What had proven to be even more elusive on the Mohawk, however, were hikers themselves. In twenty four miles, I only came across one young couple on a short day hike, the husband carrying their infant on his back.
Early on my second day, though, after struggling up and over the 1,230-foot Barrack Mountain, I connected with the Appalachian Trail and I was no longer alone. Heading south now, I continuously ran into northbound through hikers, who, crossing into New England here in mid-August, will happily find themselves in Maine at the beginning of the fall foliage.
The heavy traffic of the Appalachian is also what made its terrain a sight for sore legs. While the Mohawk Trail is often overgrown, rocky, and at times ambiguously marked, the Appalachian’s path is distinct, sometimes even smooth, and seemed like it would be a nice homestretch back to my truck.
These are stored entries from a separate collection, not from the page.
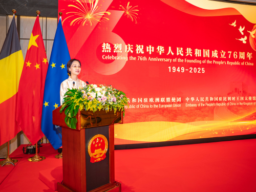2025年9月24日,驻比利时使馆、驻欧盟使团联合举办庆祝中华人民共和国成立76周年招待会。驻比利时使馆临时代办李艳、驻欧盟使团团长蔡润大使,比政府和欧盟机构高级官员及比、欧各界人士、中资机构、华侨华人代表等800余人出席。
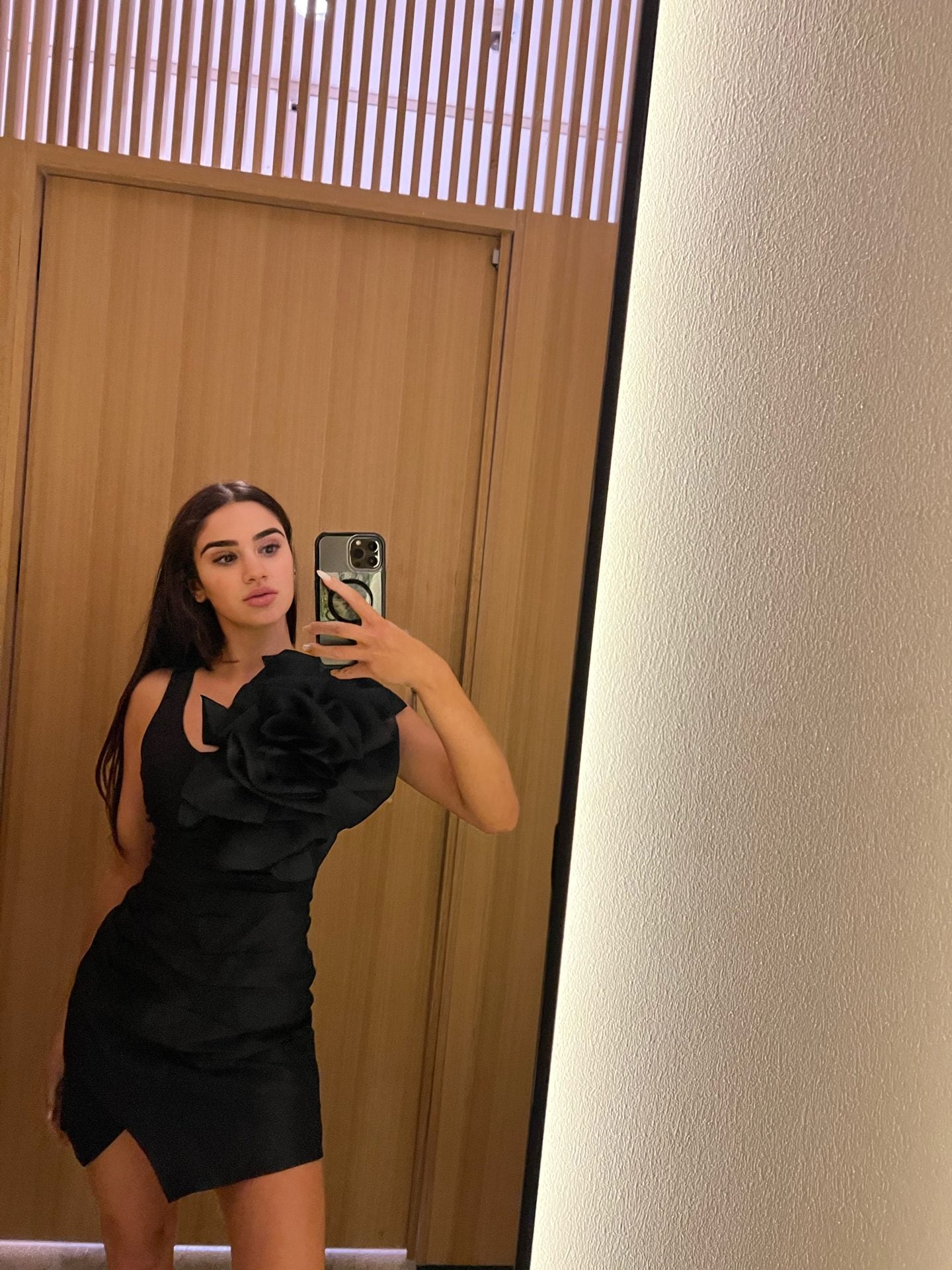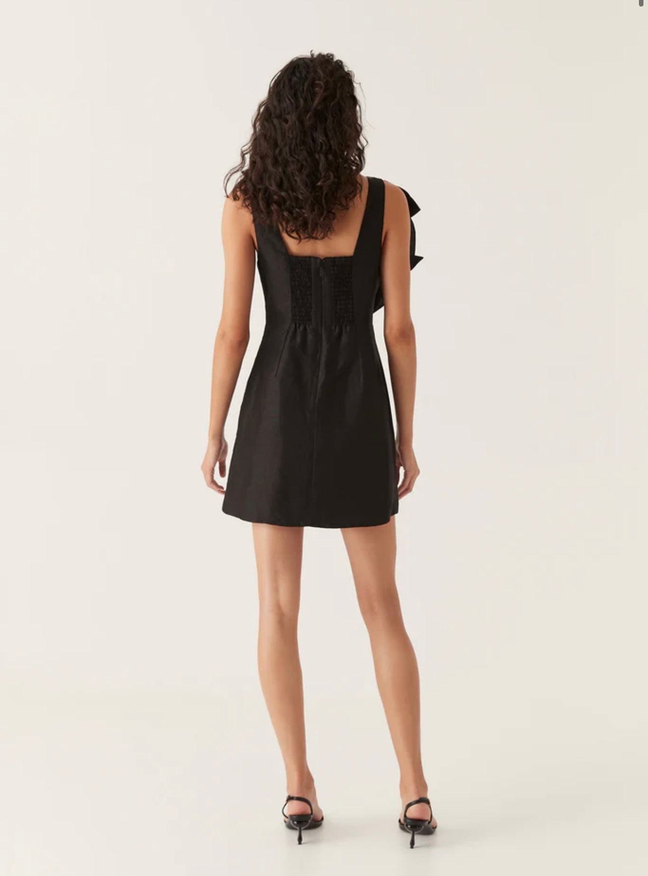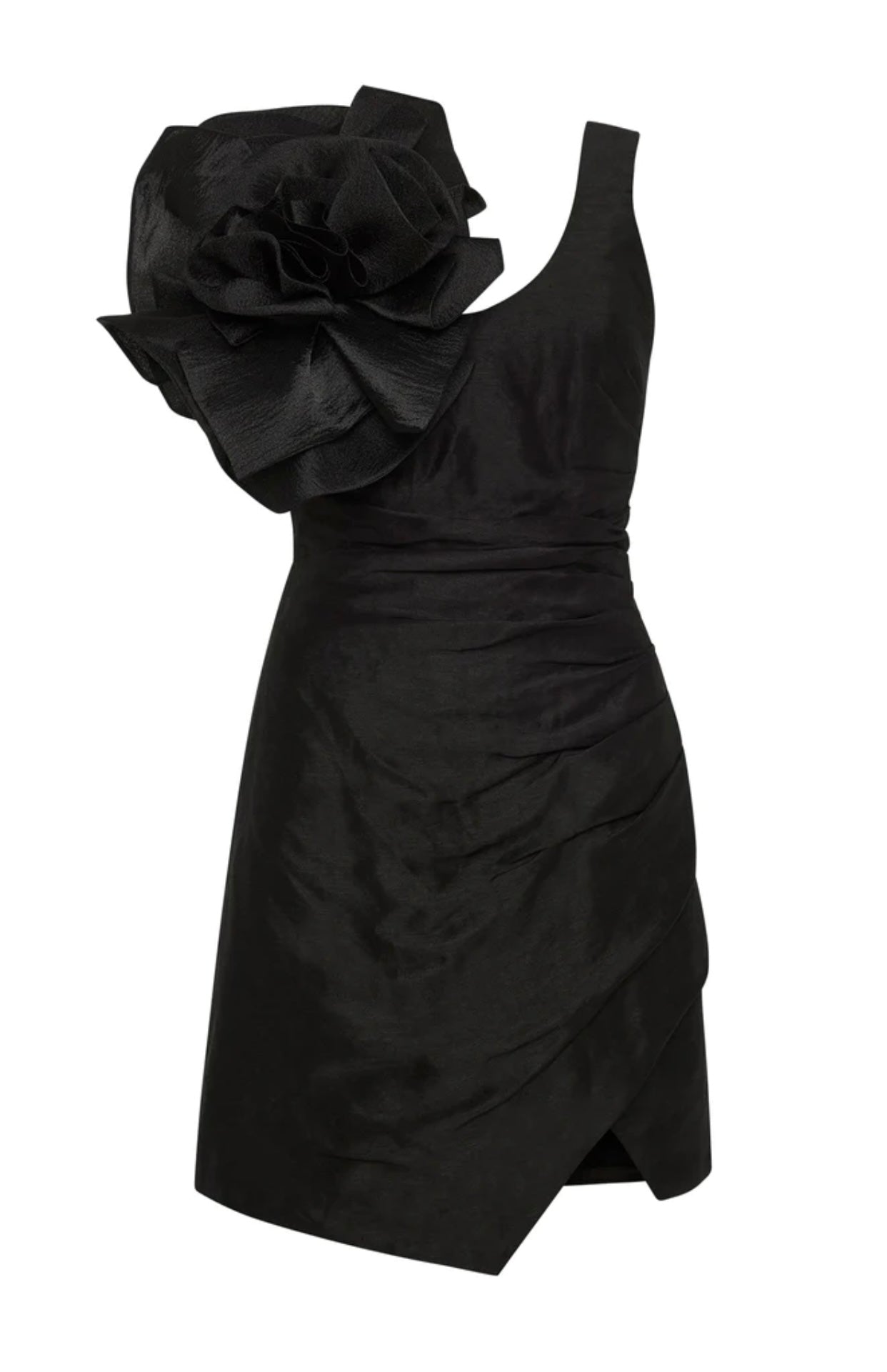"Party-perfect. The moment-making mini. "This dress can also fit a size 6Wide V-necklineTank strapsGathered organza shoulder frillFitted bodyAsymmetrical tucksAngled wrap hemZip, hook and eye closureLined
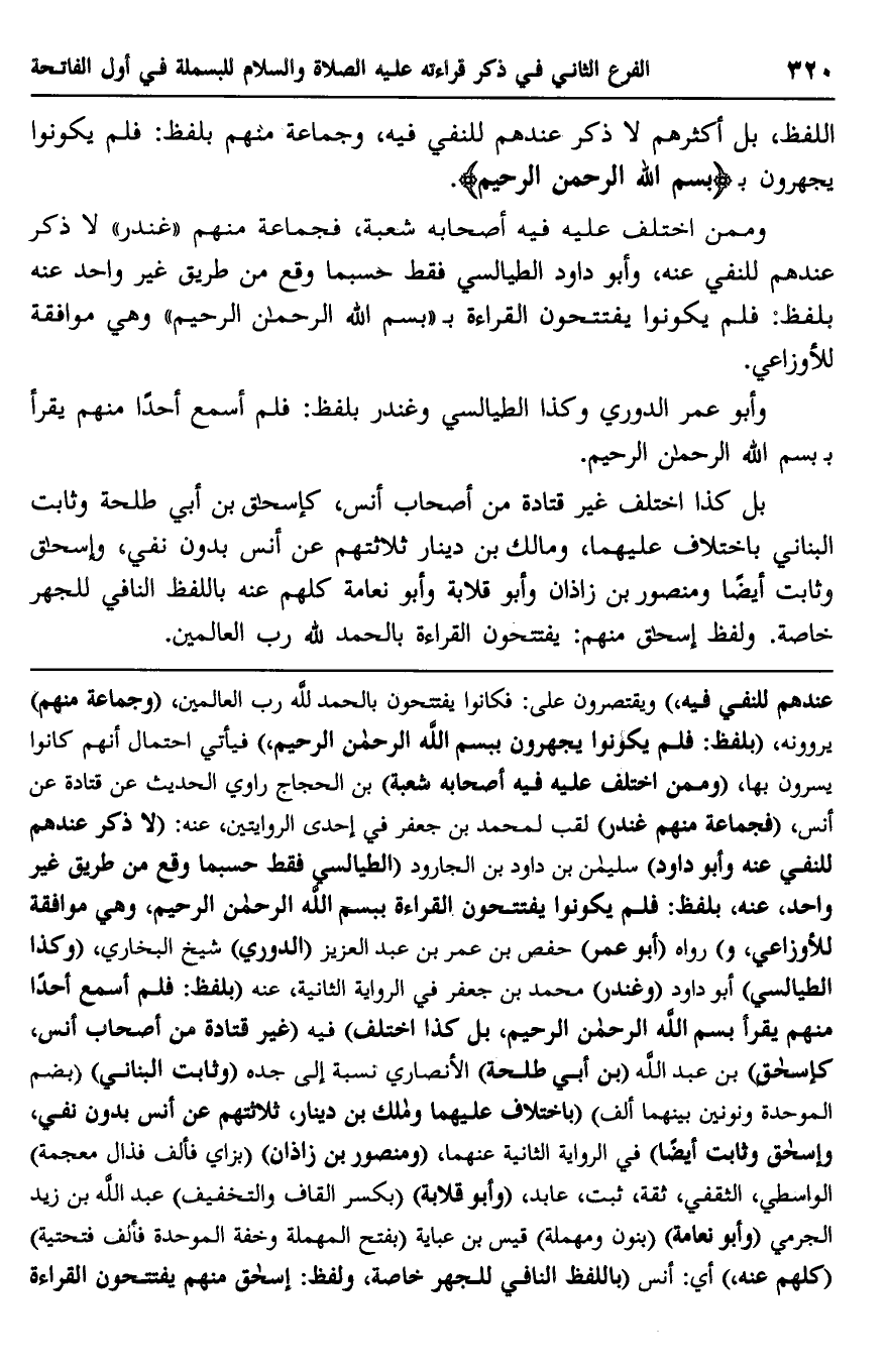 وأبو عمر الدوري وكذا الطيالسي وغندر بلفظ: فلم أسمع أحدًا منهم يقرأ بـ {بِسْمِ اللَّهِ الرَّحْمَنِ الرَّحِيمِ} .
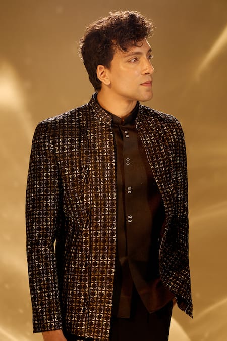 A black bandhgala made from art silk with faux satin lining, featuring resham hand embroidery. It is paired with a black shirt.
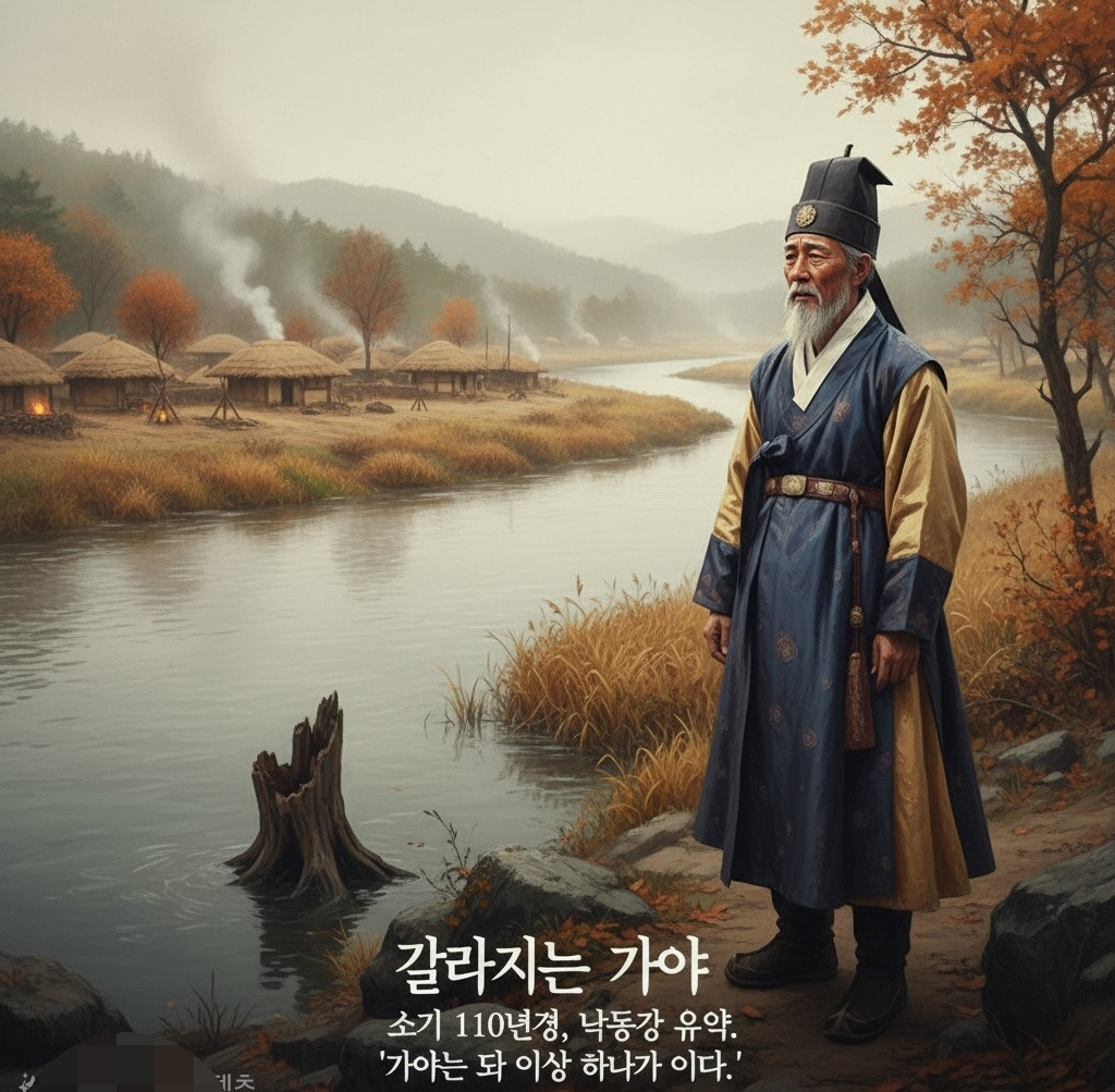 갈라지는 가야 서기 110년경, 낙동강 유역 "가야는 더 이상 하나가 아니다." 한 노인 귀족이 말했다. 그는 수로왕의 5대 손자였다. "할아버지의 할아버지 때는 모두가 하나였다. 하지만 지금은?"
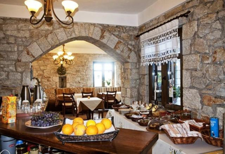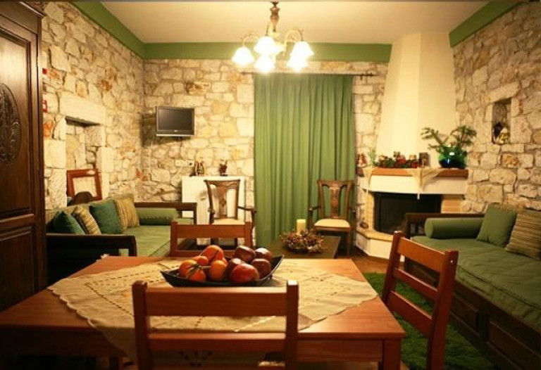 Двухкомнтатный люкс на первом этаже с гостиной. Здесь установлены камин и обеденный стол, обустроены полностью оборудованная кухня и просторный балкон с видом на окружающие холмы горы Парнон. Отдельная спальня располагает собственной ванной комнатой с душевой кабиной
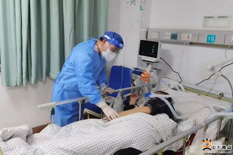 山东大学第二医院神经内科主任医师、崇礼楼综合治疗病区负责人谢兆宏正在查房。崇礼楼作为医院最早收治新冠感染患者的地方,目前已经整建制转为综合治疗病区,自12月8日至今,一直处于满员超负荷运转状态。这里收治的都是有基础病合并新冠感染的重症患者,作为病区负责人,谢兆宏与同事们一起,从清晨忙到深夜,一刻也不敢怠慢。
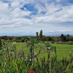 Da ich erst um 3 Uhr ins Hotel kann und ich nicht mit dem Auto in der Stadt rumkurven wollte, halte ich nochmal im Botanischen Garten. Das Wetter ist zwar nicht deutlich besser als gestern aber immerhin sieht man die Mountains doch ein wenig.
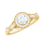 Capture the romance and elegance of bygone eras with this Vintage Style Engagement Ring. At its center is a 5 MM round-cut diamond, surrounded by a halo of smaller stones and intricate beaded detailing. Additional diamonds are set within marquise-shaped frames on either side of the center stone, adding depth and sophistication. This Round Diamond Ring is a true masterpiece, featuring vintage-inspired elements that are perfect for the bride seeking a unique piece with old-world craftsmanship. Every gemstone in this Antique Engagement Ring is lab-grown and comes with a certificate of authenticity, providing you with complete peace of mind about your purchase.
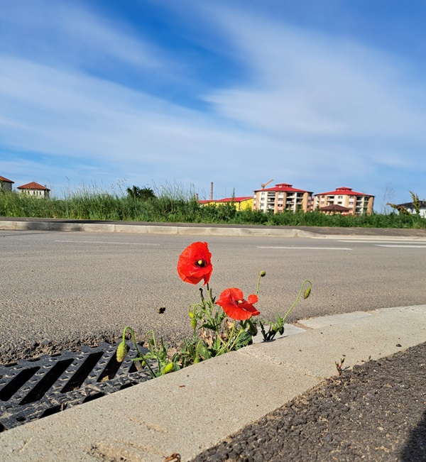Apoi am fost să pozez floare de mac de pe strada Macului. Foarte fain contrastul.

I was still in the Berkshires, though; my last five miles were punishing. But late in the afternoon I finally crested Breadloaf Mountain, the 1,050-foot peak where the Appalachian reconnected me with the Mohawk, which I followed for one more mile to close the loop at my truck, safe and sound, right where I left it thirty two hours earlier.
The Mohawk-Appalachian Loop, however, doesn’t need to be rushed. There are enough campsites and water sources to map out a two or three-night trip. You wouldn’t want to rush it either, because while I certainly made some great finds along the way, I’m sure that if you take your time, there’s a much larger cache of treasure waiting for you in our northwest woods.